Uno de los grandes atractivos es la presencia del fantasioso e inteligente director de escena alemán Christof Loy, que tan buen sabor de boca dejó hace unos meses con Capriccio de Strauss. La mirada omnicomprensiva del regista plantea un continuo juego de metáforas, presidida por lo que representa el propio lago de las ondinas, que viene a ser el reino de las ilusiones. “No se sabe si el macizo de rocas que invade el escenario es un decorado o una realidad. Aquí Rusalka puede ser una sirena y olvidar con sueños tristes la fragilidad de su cuerpo, que le impide andar y bailar. Su minusvalía es, en efecto, una metáfora de su incapacidad para trascender ese entorno sin futuro”, explica Loy.

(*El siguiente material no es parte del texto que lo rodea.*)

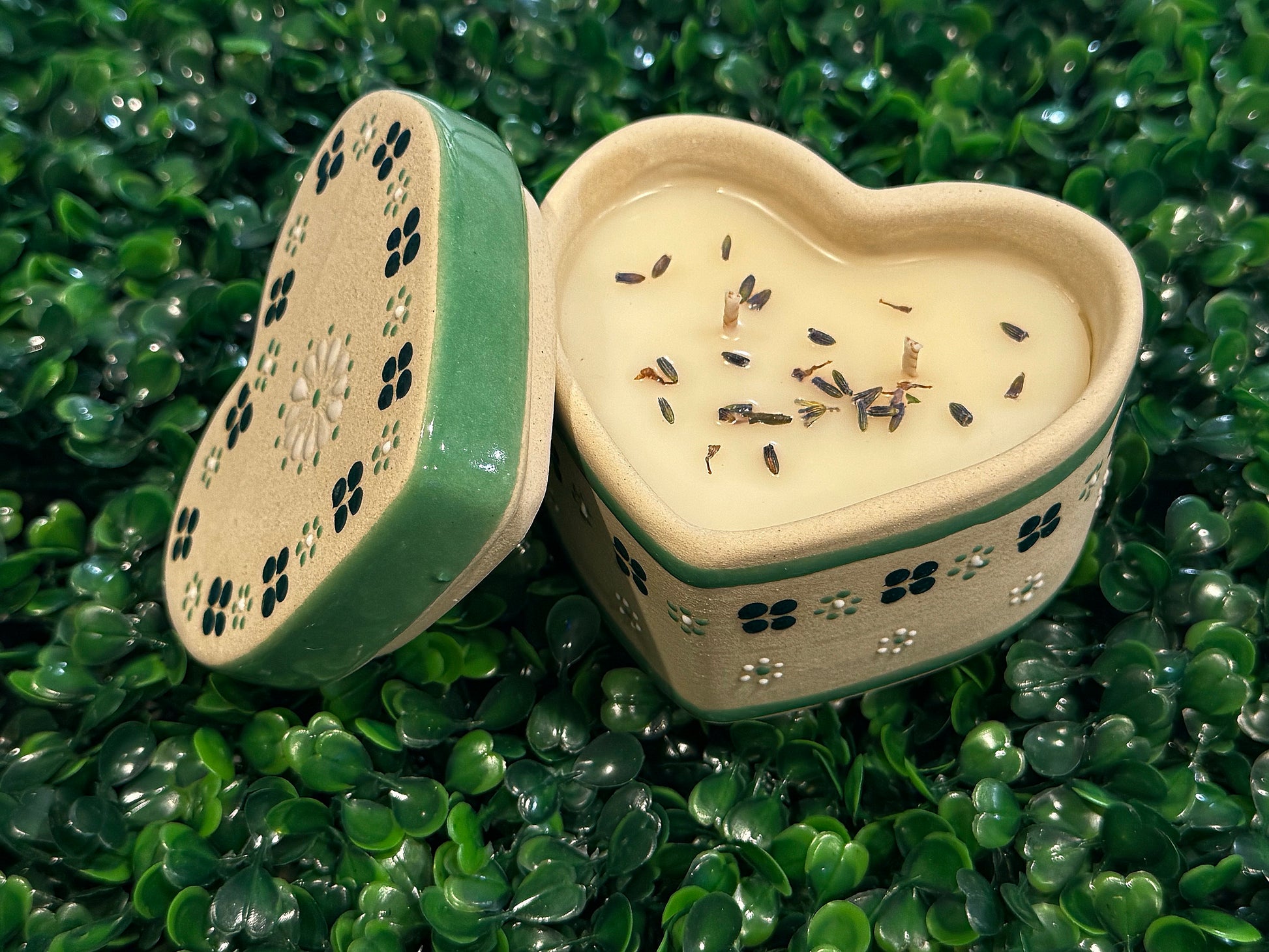 This piece is hand painted in the beautiful colors of dark green and light green, in our Lavanda-Ria scent.

La grandeza de esta ópera extraordinaria reside para Loy en que “como las grandes obras de la historia, busca explorar la vida y no juzgar las formas de vivirla”. Compartiendo el trabajo escénico se situará en el foso el maestro titular del teatro, Ivor Bolton. A sus dones habituales de buen mando, cuidado rítmico, capacidad narrativa, habrá de sumar la exigida fantasía y el olfato para destacar, en tan rica partitura, timbres y colores. Y claridad para tratar con diafanidad las complejas superficies.